### Data below
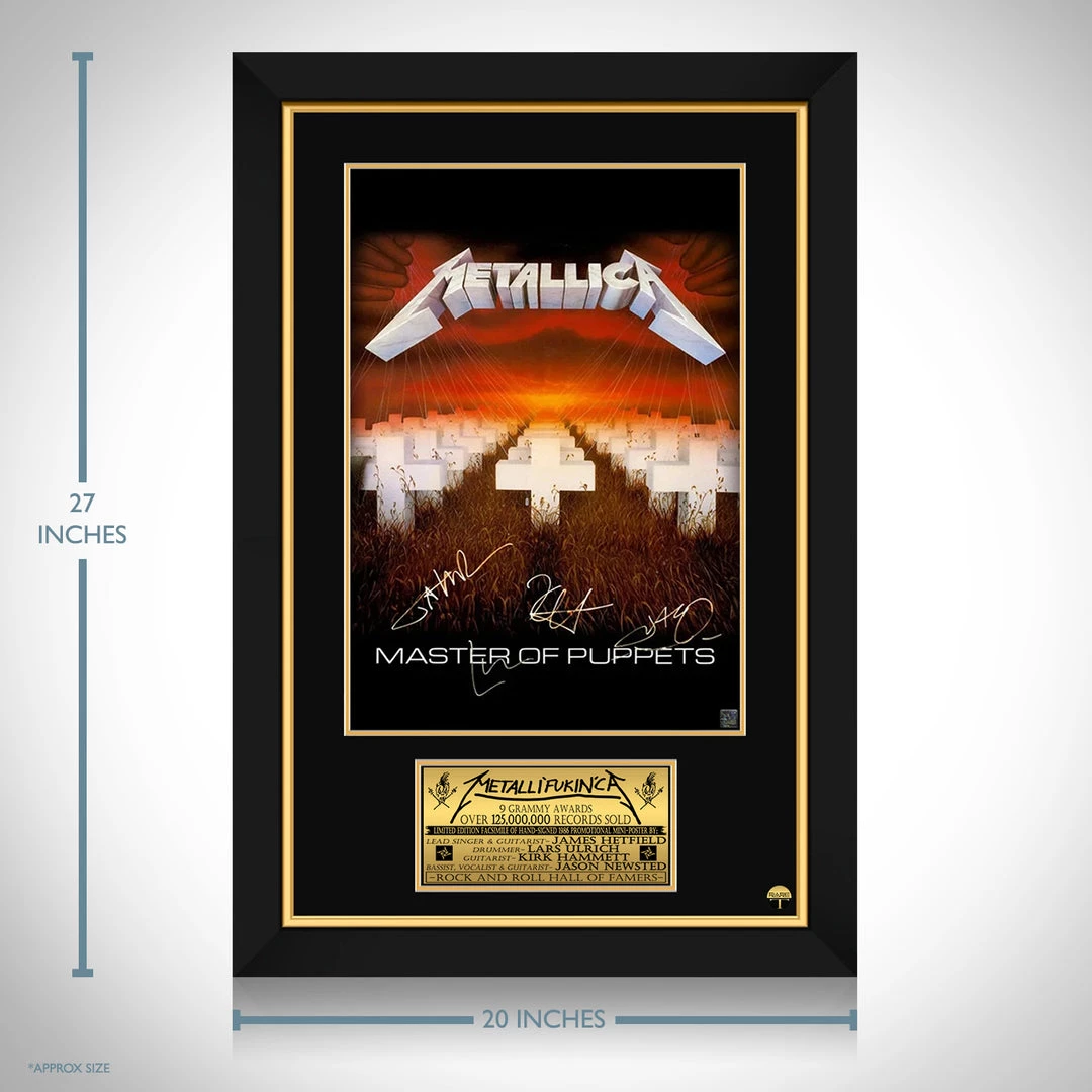 Pay homage to Metallica, with this gallery-framed, officially licensed, limited edition facsimile of hand-signed mini poster, originally signed by Kirk Hammett, Lars Ulrich, James Hetfield & Jason Newsted, of which is strictly limited to 100 units Worldwide, and has been approved and numbered accordingly.
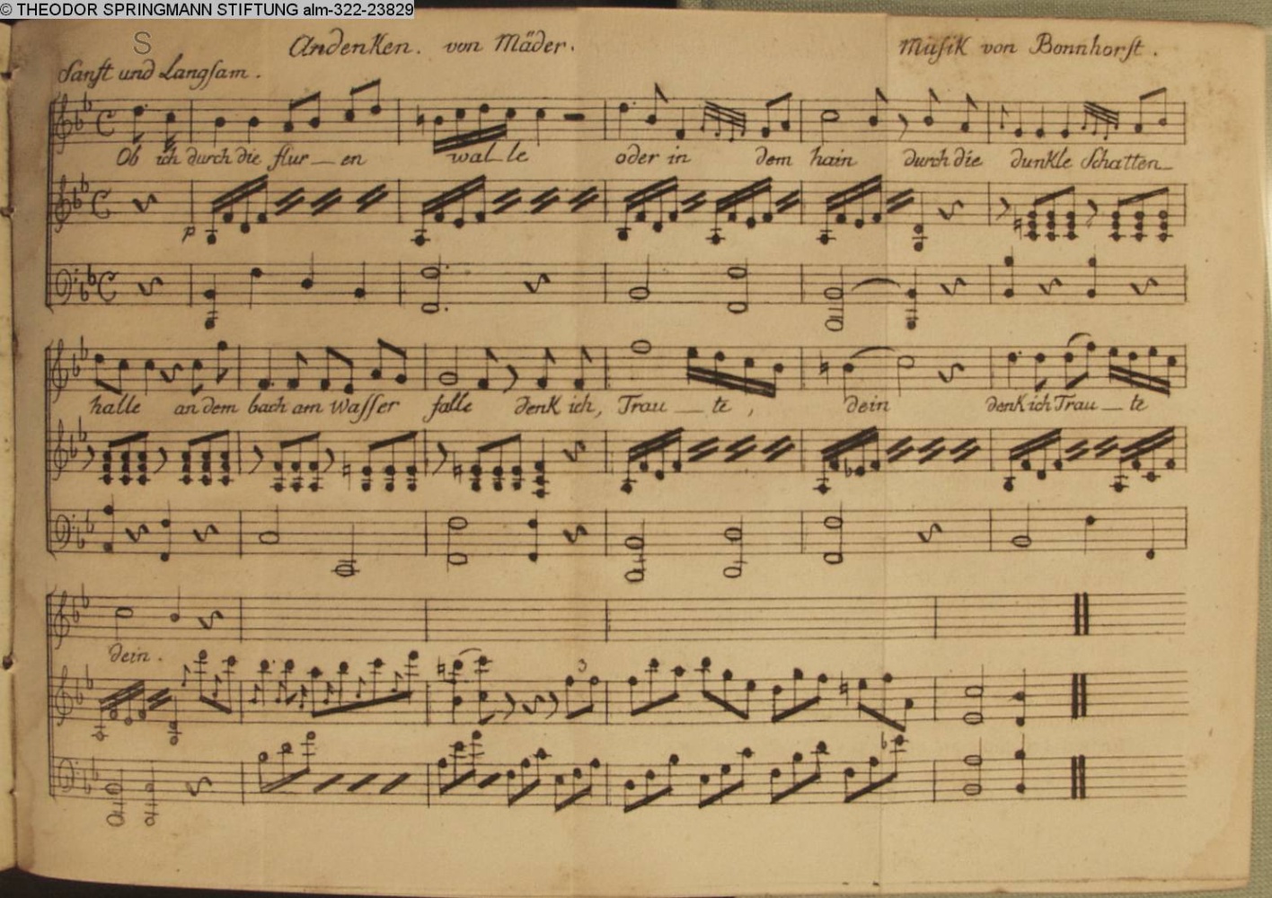 Vertonung des Gedichts »Andenken an Sie.« von Mäder
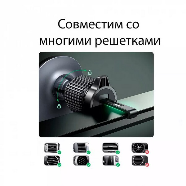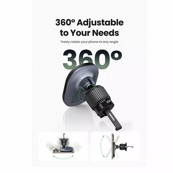 Автомобильное зарядное устройство Ugreen CD345 Magnetic Wireless Car Charger (25925) черный - автомобильный держатель с встроенной зарядкой Magsafe, который подходит для использования с iPhone с функцией Magsafe, а также для других смартфонов с поддержкой беспроводной зарядки при наличии магнитного чехла. Он позволит не только удобно закрепить ваш смартфон в автомобиле, чтобы комфортно использовать его во время пути, но и одновременно заряжать его. Автодержатель надёжно устанавливается в решётку воздуховода, а магнитное крепление не только надёжно держит смартфон на подставке, но и позволяет расположить его в вертикальном или горизонтальном положении.
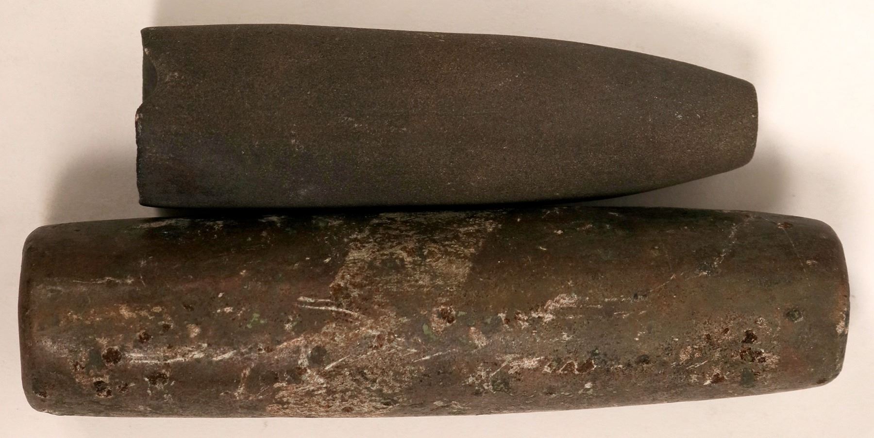 Two historic Native American tube pipes, handcrafted of stone, from the Sacramento, Calif. area. The largest is 5.25 inches long, and is straight from end to end with the same size openings on each end (about 1.25 inch diameter). The smaller is about 4 inches long and larger at one end, with one end 1.25 inch, and the other about .5 inch. There is a small chip in the larger end, but it doesn't compromise the strength, beauty, or significance of the pipe. Both are made of greenstone.

### Requirement
The required answer is an exact copy of the lines from the one containing "Автомобильное зарядное устройство" through the last line of the material, with the pictures removed.

### Your solution
 Автомобильное зарядное устройство Ugreen CD345 Magnetic Wireless Car Charger (25925) черный - автомобильный держатель с встроенной зарядкой Magsafe, который подходит для использования с iPhone с функцией Magsafe, а также для других смартфонов с поддержкой беспроводной зарядки при наличии магнитного чехла. Он позволит не только удобно закрепить ваш смартфон в автомобиле, чтобы комфортно использовать его во время пути, но и одновременно заряжать его. Автодержатель надёжно устанавливается в решётку воздуховода, а магнитное крепление не только надёжно держит смартфон на подставке, но и позволяет расположить его в вертикальном или горизонтальном положении.
 Two historic Native American tube pipes, handcrafted of stone, from the Sacramento, Calif. area. The largest is 5.25 inches long, and is straight from end to end with the same size openings on each end (about 1.25 inch diameter). The smaller is about 4 inches long and larger at one end, with one end 1.25 inch, and the other about .5 inch. There is a small chip in the larger end, but it doesn't compromise the strength, beauty, or significance of the pipe. Both are made of greenstone.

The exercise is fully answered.